Introduction

Coronavirus disease 2019 (COVID-19) emerged from Wuhan, China, in December 2019 as a novel respiratory illness caused by severe acute respiratory syndrome coronavirus 2 (SARS-CoV-2). Subsequently, it was declared as a pandemic that is a threat for every country in mid-March 2020 by the World Health Organization (WHO) [1]. Since then, the disease has claimed millions of lives and has affected the economy and health throughout the world. The spectrum of SARS-CoV-2 severity varies broadly, from asymptomatic infection to severe complication like organ failure and death [2, 3].

Ethiopia reported the first case in March 2020 and subsequently identified the epicenter at the national capital Addis Ababa; meanwhile, clusters were also detected in the regional capitals including Dire Dawa. As of March 06/2021, there were over 165,000 cases and more than 2000 deaths from COVID-19 in Ethiopia [4]. Although, there was a single serosurvey among asymptomatic people recruited from a clinical laboratory in May 2020 in Addis Ababa, Ethiopia, using only 99 people tested [5], the actual population seroprevalence of disease, and infection have not been measured. Therefore, comprehensive population level studies are required [6,7,8].

Population level COVID-19 seroprevalence can allow inferences to be made about the extent of infection [9,10,11,12]. These findings can have the potential to guide local preventive or control measures [13,14,15,16]. Population level seroprevalence studies also provide the magnitude of population who have not yet been infected; a vital information to plan for future transmission control measures and health-care needs. Therefore, this survey was designed to measure the seroprevalence of SARS-CoV-2 antibody among individuals aged above 15 years and residing in congregate settings in Dire Dawa city administration, Ethiopia, which is adjacent to Somali Region that shares a border with Djibouti; where there is high population movement and high-risk social interactions. Data from this survey will serve as a benchmark to show changes in transmission rates in the studied population across time.

Methods

Design, setting, and population

This study was part of the nationwide SARS-CoV-2 serosurvey conducted in Ethiopia from mid-June to end of July 2020. The national seroprevalence survey collected data from participants above the age of 15 from all 11 administrative regions of Ethiopia. The sample size of 750 was calculated assuming 7.5% seroprevalence and margin of error of 0.02 at 95% confidence interval. As per the national quota of 16% of households to be included into the survey, 300 households have been included into the survey using systematic random sampling. Nationally allocated quota of 750 sample size was proportionally distributed to these enumeration sites depending on the total number of households available at each enumeration site. We obtained 684 complete samples for Dire Dawa city administration from the Ethiopian Public Health Institute (EPHI). This scale of samples meant that the study can sufficiently reflect the burden at the time of the study. Individuals who resided in households of the selected enumeration areas were included into the study. Individuals with prior history of RT-PCR test or being positive for RT-PCR test were excluded from the study due to the background characteristics of the study participants that might affect the level of participation into the study; which in turn might introduce selection bias.
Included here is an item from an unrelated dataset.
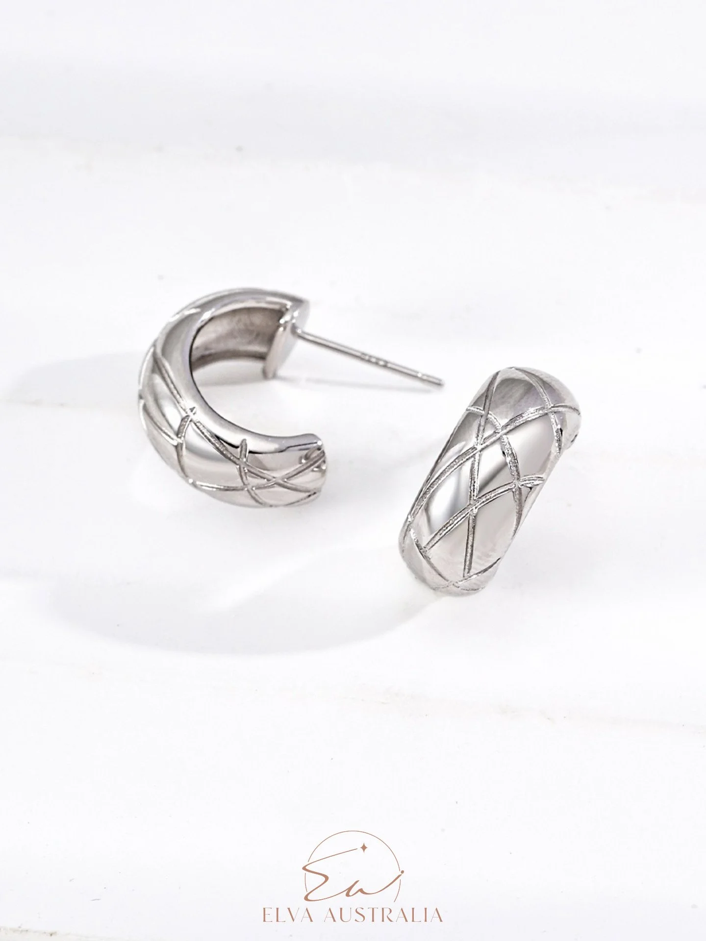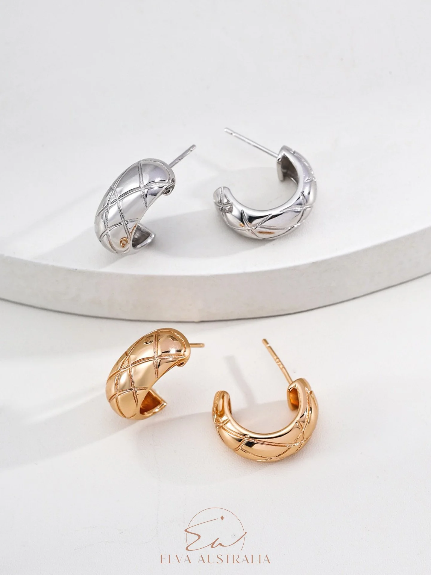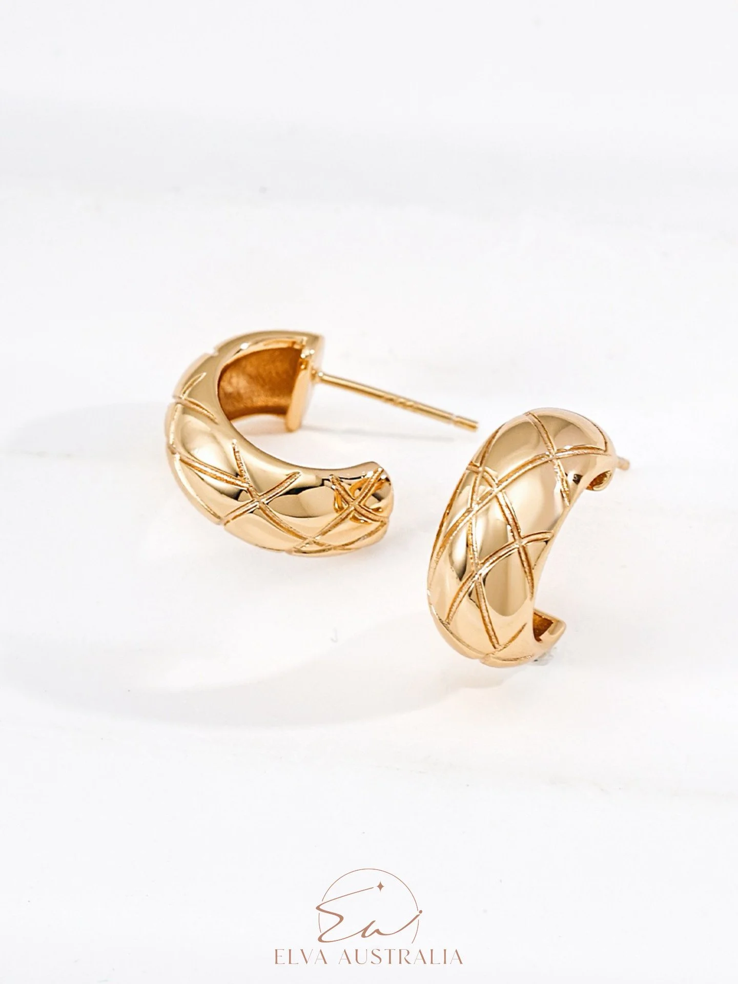 ✨ Wear luxury on your ears! This quilted C-hoop earring is the perfect finishing touch for any outfit.
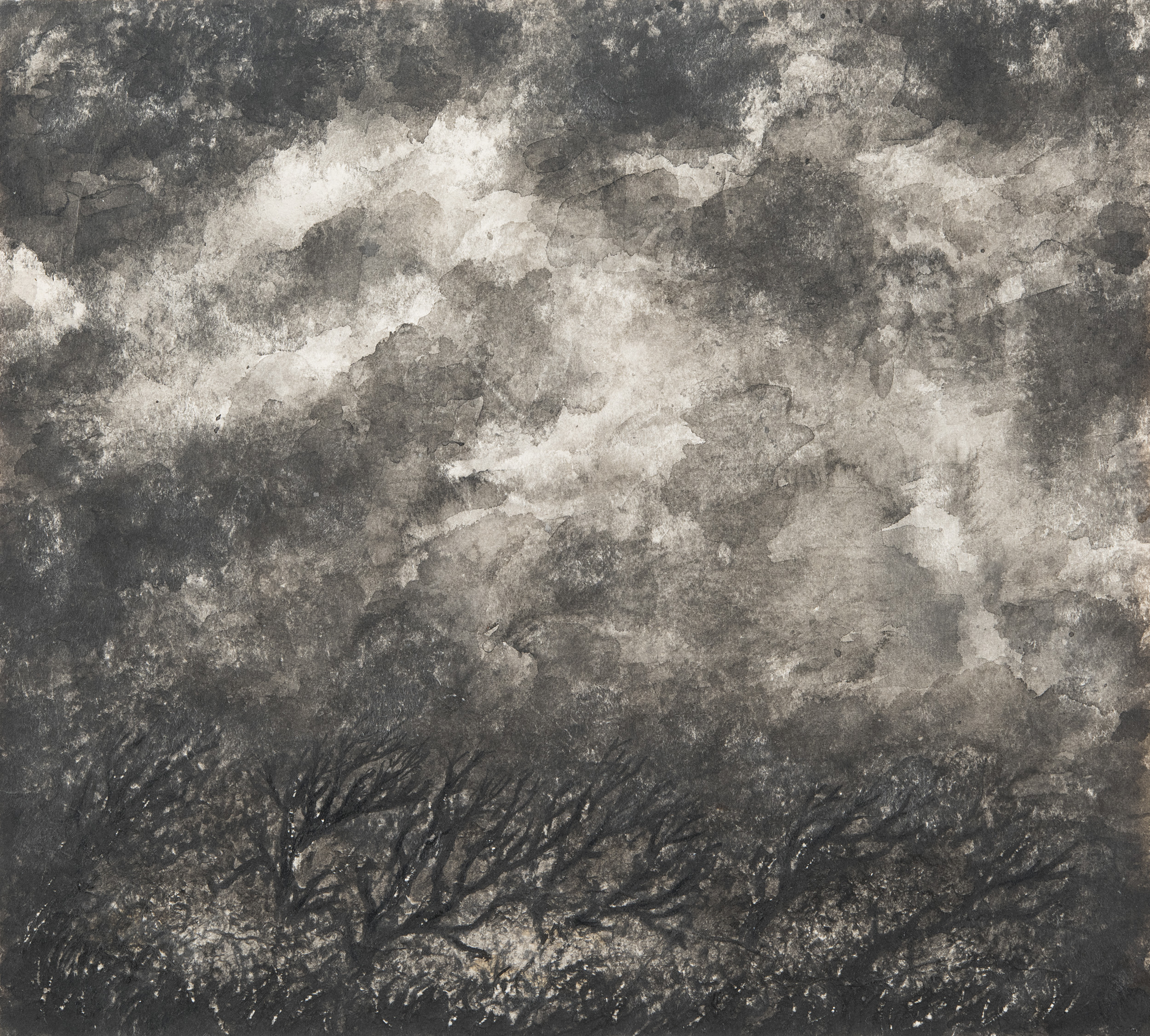 Levina-Rozengolts executed these laconic compositions on large sheets of drawing paper, moving away from the intimate formats of her previous works. The artist achieved a smooth gray-blue textured surface, on which light reflections break through at different angles. The notional designation of the sky is highlighted by rare charcoal inserts, denoting the earth’s solidity, and upward-stretching clumps of plants and grasses—sprouts of life, which serve as decoration for eternal immaterial light. According to the painter Erik Bulatov (1933–2025), Levina-Rozengolts’s Sky cycle had a strong influence on his work. The solution to spatial problems in his compositions of the 1970s, to some extent, had its source in the pastels of his close friend Levina-Rozengolts.

Dire Dawa is located 515 km from the national capital, Addis Ababa to the east. The current total population of Dire Dawa administration is 507, 000 (323, 000 for Dire Dawa city administration) based on the population projection by the Ethiopian Central Statistical Agency [17]. Dire Dawa administration regional health bureau was among the other sectors to engage early into the establishment of emergency operation centers and task forces following the first documented COVID 19 case in Addis Ababa on March 13, 2020.

SARS-CoV-2 serosurvey was conducted among individuals aged above 15 years and residing in randomly selected households from purposively selected 11 enumeration areas in overcrowded neighborhoods. Overcrowded neighborhoods used in this survey constituted settings with residential houses from 1330 to 8050 within 1 km2 area as defined by the Ethiopian Central Statistical Agency. At the time of survey, schools were closed, and social gatherings including religious congregations were restricted in Ethiopia.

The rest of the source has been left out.